Let $\struct {\Omega, \Sigma, \Pr}$ be a probability space.

Let $X$ be a real-valued random variable on $\struct {\Omega, \Sigma, \Pr}$.

Let $F_X$ be the cumulative distribution function of $X$.

Then:

$F_X$ is right-continuous.

## Proof

Let $x \in \R$.

We show that $F_X$ is right-continuous at $x$.

We use Sequential Right-Continuity is Equivalent to Right-Continuity in the Reals: Corollary, and will show that:

for all monotone sequences $\sequence {x_n}_{n \mathop \in \N}$, with $x_n > x$ for each $n$, that converge to $x$ we have:
$\map {F_X} {x_n} \to \map {F_X} x$

Let $\sequence {x_n}_{n \mathop \in \N}$ be a monotone sequences with $x_n > x$ for each $n$ that converges to $x$.

Then $\sequence {x_n}_{n \mathop \in \N}$ is a decreasing sequence.

So:

$\sequence {\hointl {-\infty} {x_n} }_{n \mathop \in \N}$ is a decreasing sequence of sets.
$\ds \bigcap_{n \mathop = 1}^\infty \hointl {-\infty} {x_n} = \hointl {-\infty} x$

Let $P_X$ be the probability distribution of $X$.

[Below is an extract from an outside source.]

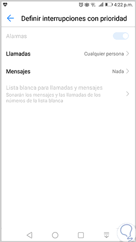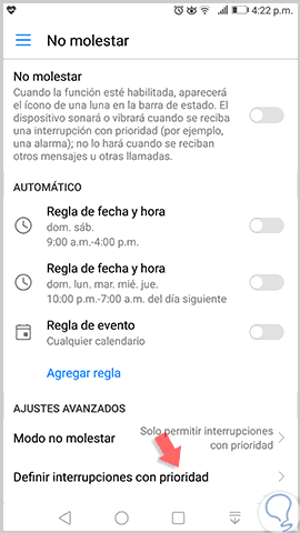 Para definir que notificaciones serán recibidas, pulsamos en la sección “Definir interrupciones con prioridad” y será desplegado lo siguiente:

Note that $P_X$ is a finite measure.

So, from Measure of Limit of Decreasing Sequence of Measurable Sets, we therefore have:

$\ds \map {P_X} {\hointl {-\infty} x} = \lim_{n \mathop \to \infty} \map {P_X} {\hointl {-\infty} {x_n} }$

So we obtain:

 $\ds \map {F_X} x$ $=$ $\ds \map \Pr {X \le x}$ Definition of Cumulative Distribution Function $\ds$ $=$ $\ds \map {P_X} {\hointl {-\infty} x}$ Definition of Probability Distribution $\ds$ $=$ $\ds \lim_{n \mathop \to \infty} \map {P_X} {\hointl {-\infty} {x_n} }$ $\ds$ $=$ $\ds \lim_{n \mathop \to \infty} \map \Pr {X \le x_n}$ Definition of Probability Distribution $\ds$ $=$ $\ds \lim_{n \mathop \to \infty} \map {F_X} {x_n}$ Definition of Cumulative Distribution Function

So, since $\sequence {x_n}_{n \mathop \in \N}$ was arbitrary:

for all monotone sequences $\sequence {x_n}_{n \mathop \in \N}$, with $x_n > x$ for each $n$, that converge to $x$ we have:
$\map {F_X} {x_n} \to \map {F_X} x$
$F_X$ is right-continuous at $x$.

$\blacksquare$